= Yuan Humo =

Yuan Humo, also known Tuoba Humo, (元胡摩; died 616) was an empress of the Xianbei-led Chinese Northern Zhou dynasty (although during her husband Emperor Xiaomin (Yuwen Jue)'s reign, her title was actually "princess" since he used the alternative title "Heavenly Prince" (Tian Wang)).

Yuan Humo was the fifth daughter of Emperor Wen of Western Wei, and she carried the title Princess Jin'an during the reigns of her father and her brothers Emperor Fei of Western Wei and Emperor Gong of Western Wei. Sometime after Yuwen Jue, the son and heir of then-paramount general Yuwen Tai, was created the Duke of Lüeyang in 550, she married Yuwen Jue as his duchess.

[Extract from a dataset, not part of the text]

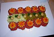 Od razu zrobiłem się głodny. Śliczne !! A miałaś opisać jak zrobić te kwiatki :-( Próbowałem z pora zrobić to biało-żółte ale wychodziło jakby je walec przejechał :-(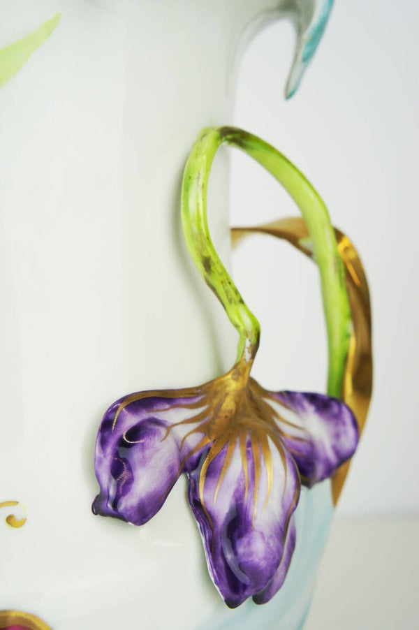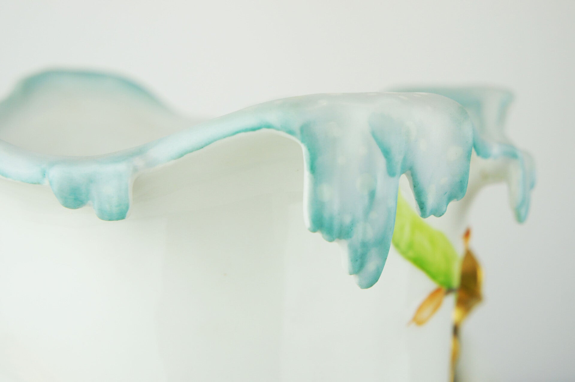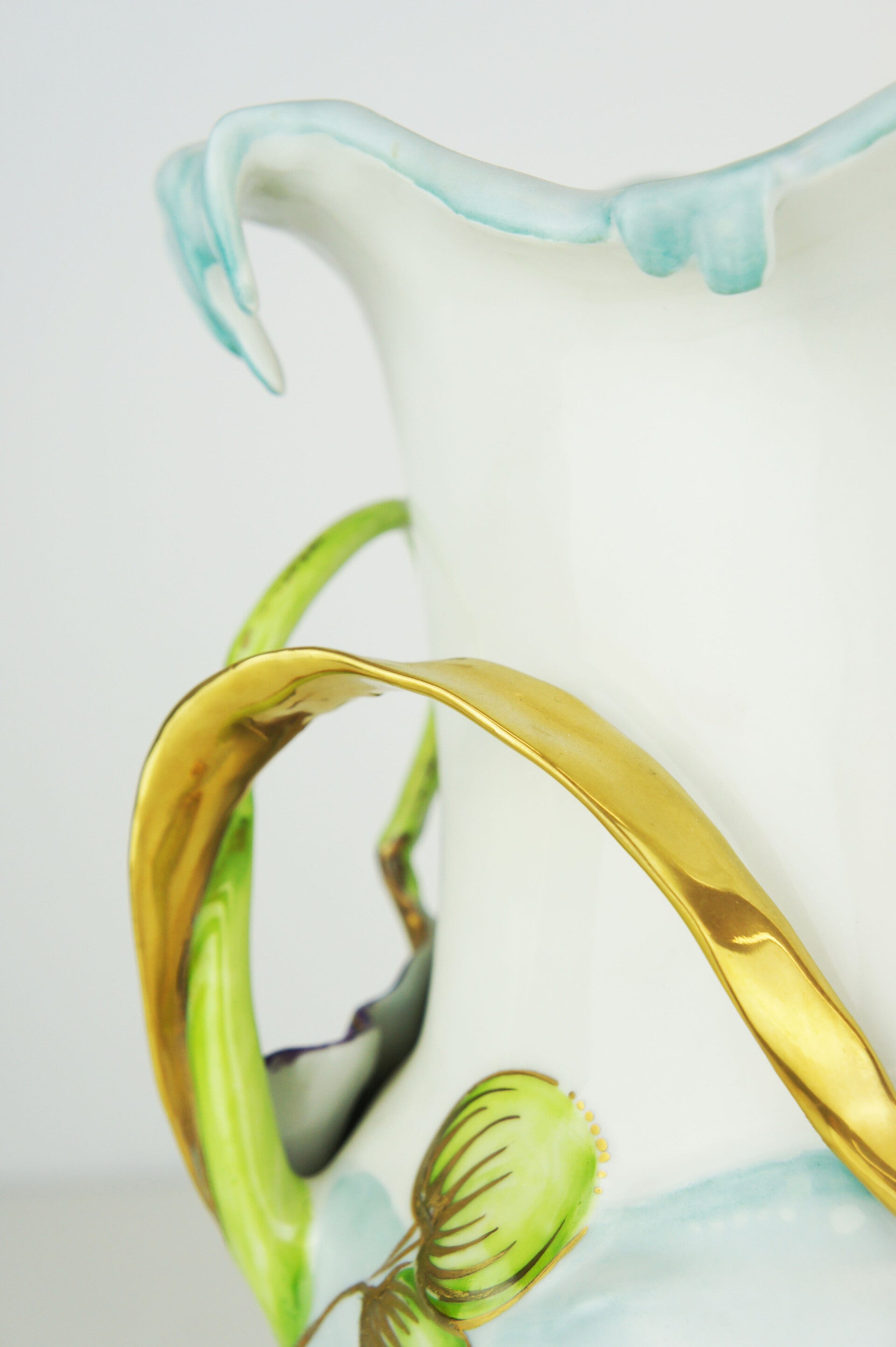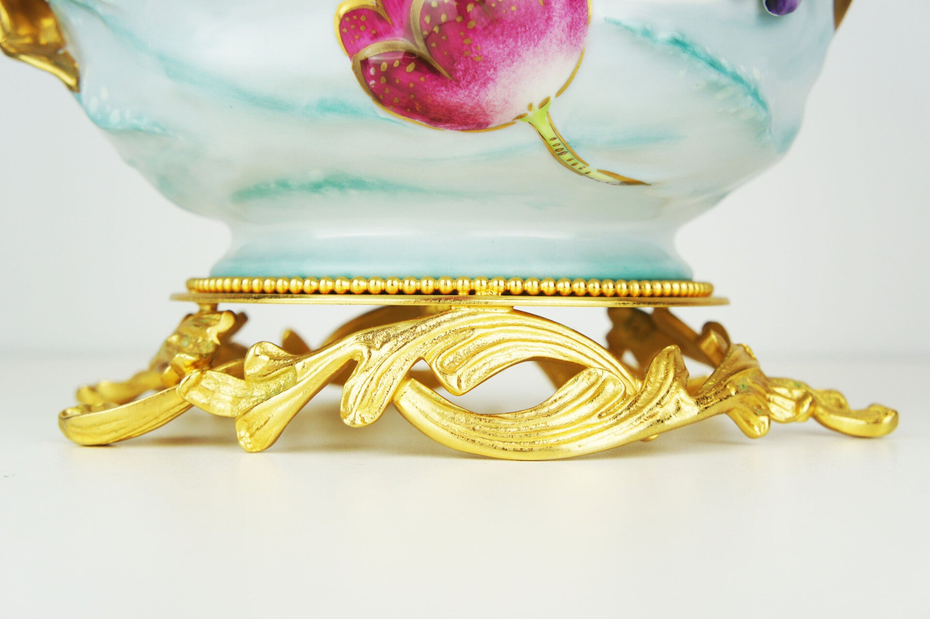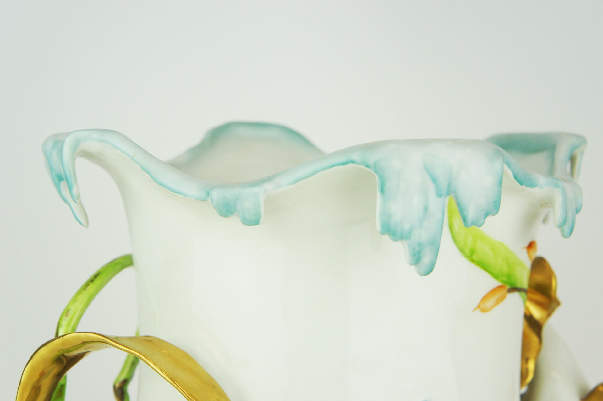 Stylish and finely decorated cache-pot with a nymph by the Italian Giulia Mangani. The porcelain is mounted on a gilded base.

After Yuwen Tai died in 556, Yuwen Jue inherited his titles, under the guardianship of Yuwen Tai's nephew Yuwen Hu. In spring 557, Yuwen Hu forced Duchess Yuan's brother Emperor Gong to yield the throne to Yuwen Jue, ending Western Wei and establishing Northern Zhou. Emperor Xiaomin, then carrying the title of Heavenly Prince, created her as his princess.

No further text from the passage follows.